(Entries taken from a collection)
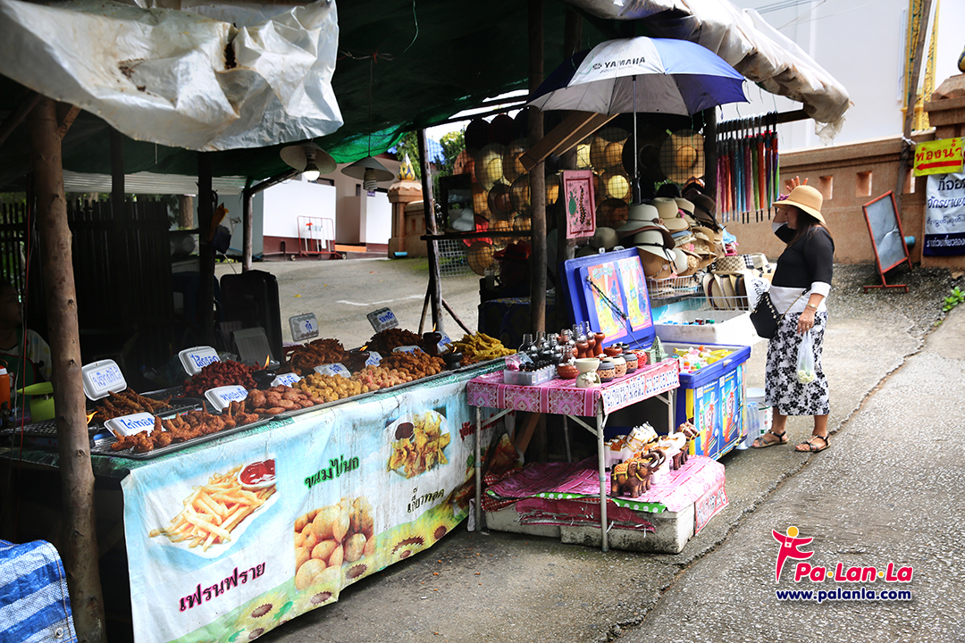 ร้านจำหน่ายเสื้อผ้าสไตล์เมืองเหนือระหว่างทางเดินจากลานจอดรถมายังตัววัด
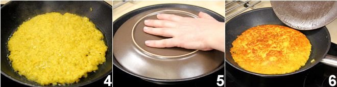 Fry the rice over moderate heat for at least 5 minutes 4 (the rice should become reddish), then place a lid (or a plate) on top of the pan 6 and flip everything upside down. Let the rice disk slide from the lid back into the pan and then fry it for another 5 minutes on the other side, until it becomes golden brown. As you prepare each fried rice disk, place them on a plate and keep them warm in the oven at 140°F. Once all 4 disks are ready, serve them sprinkled with a tablespoon of grated Parmesan cheese.
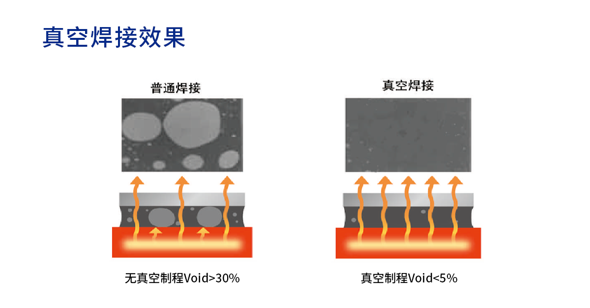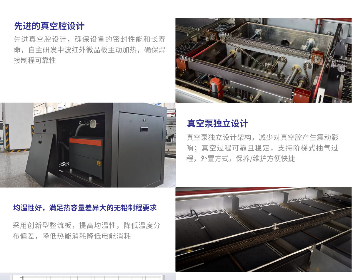 設(shè)備集大規(guī)模穩(wěn)定量產(chǎn)的熱風(fēng)回流焊與真空焊接為一體,為客戶提供自動化在線式、低空洞( 總空洞面積小于5%)、高產(chǎn)量焊接設(shè)備,真空模組安裝在回流爐內(nèi),能精準(zhǔn)調(diào)節(jié)抽真空的速度并可完成普通回流爐的溫度曲線,實(shí)現(xiàn)在線焊接。
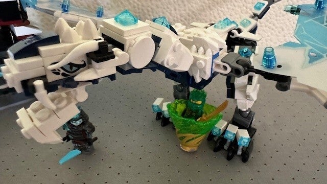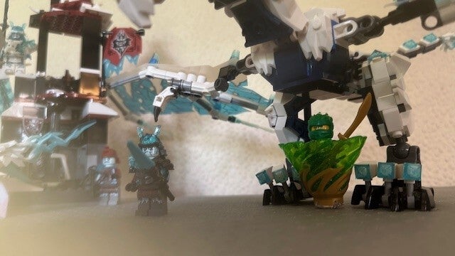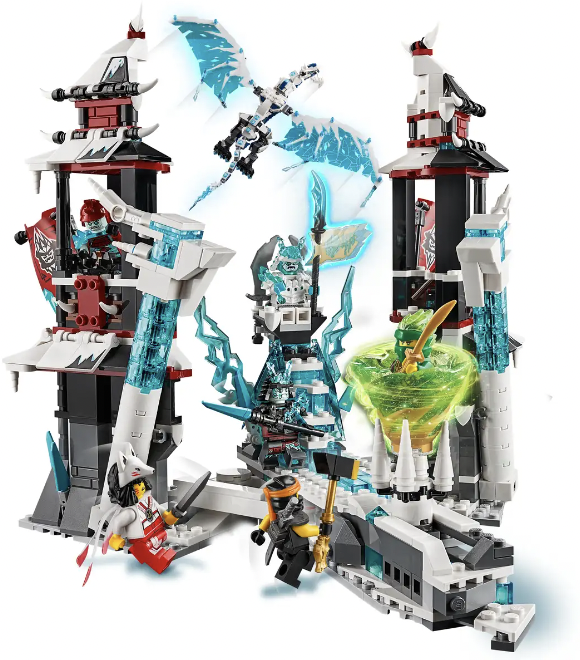 Deze speelgoedkasteelset is inclusief 7 LEGO® NINJAGO® minifiguren die nieuw zijn vanaf juni 2019: Lloyd FS (Forbidden Spinjitzu), Cole, Akita, Keizer van het IJs, Generaal Vex, Sneeuwstorm Zwaardmeester en Sneeuwstorm Schutter.
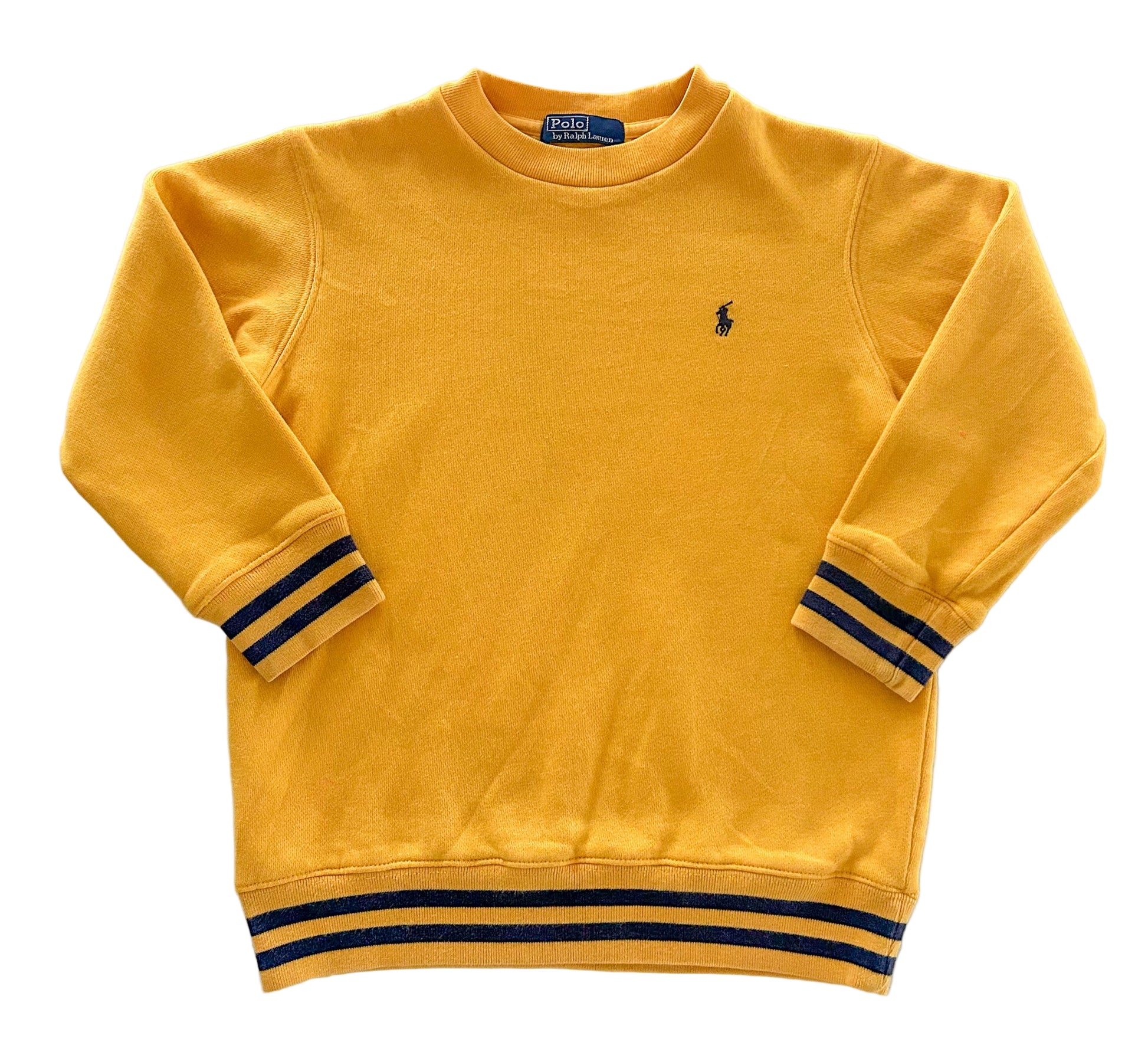 Vintage Polo Ralph Lauren Kids Yellow Sweatshirt – Crewneck Jumper with Navy Stripes – Size 6-7 Years
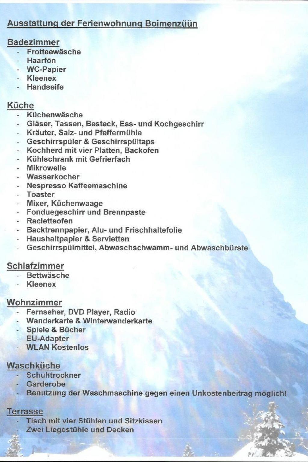 The chalet was newly built in 2012 and has a high standard of finish. The cosily furnished flat is located on the ground floor of the chalet. The kitchen is very comfortably equipped. Coffee, tea and spices are available free of charge.
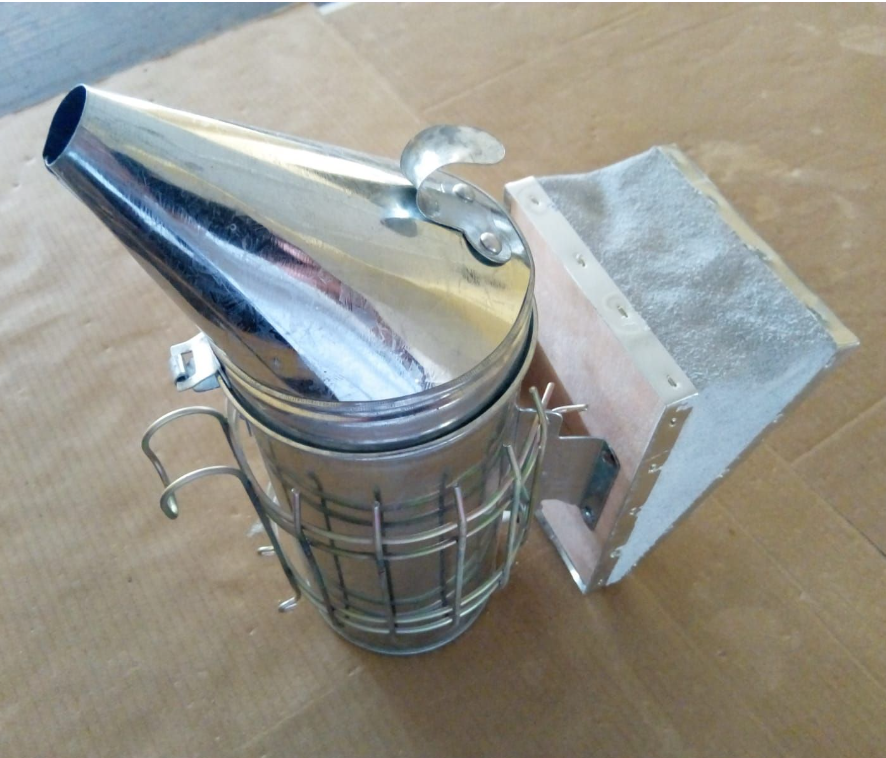 A bee smoker is the device beekeepers use to puff smoke into their hives. This smoke doesn’t harm bees, it just interferes with their sense of smell so that they don’t react to alarm pheromones. Bee smokers are usually referred to as “smokers” for short.

## What you are asked to do
Quote the records above exactly, leaving out any pictures.

## Problem solution
 ร้านจำหน่ายเสื้อผ้าสไตล์เมืองเหนือระหว่างทางเดินจากลานจอดรถมายังตัววัด
 Fry the rice over moderate heat for at least 5 minutes 4 (the rice should become reddish), then place a lid (or a plate) on top of the pan 6 and flip everything upside down. Let the rice disk slide from the lid back into the pan and then fry it for another 5 minutes on the other side, until it becomes golden brown. As you prepare each fried rice disk, place them on a plate and keep them warm in the oven at 140°F. Once all 4 disks are ready, serve them sprinkled with a tablespoon of grated Parmesan cheese.
 設(shè)備集大規(guī)模穩(wěn)定量產(chǎn)的熱風(fēng)回流焊與真空焊接為一體,為客戶提供自動化在線式、低空洞( 總空洞面積小于5%)、高產(chǎn)量焊接設(shè)備,真空模組安裝在回流爐內(nèi),能精準(zhǔn)調(diào)節(jié)抽真空的速度并可完成普通回流爐的溫度曲線,實(shí)現(xiàn)在線焊接。
 Deze speelgoedkasteelset is inclusief 7 LEGO® NINJAGO® minifiguren die nieuw zijn vanaf juni 2019: Lloyd FS (Forbidden Spinjitzu), Cole, Akita, Keizer van het IJs, Generaal Vex, Sneeuwstorm Zwaardmeester en Sneeuwstorm Schutter.
 Vintage Polo Ralph Lauren Kids Yellow Sweatshirt – Crewneck Jumper with Navy Stripes – Size 6-7 Years
 The chalet was newly built in 2012 and has a high standard of finish. The cosily furnished flat is located on the ground floor of the chalet. The kitchen is very comfortably equipped. Coffee, tea and spices are available free of charge.
 A bee smoker is the device beekeepers use to puff smoke into their hives. This smoke doesn’t harm bees, it just interferes with their sense of smell so that they don’t react to alarm pheromones. Bee smokers are usually referred to as “smokers” for short.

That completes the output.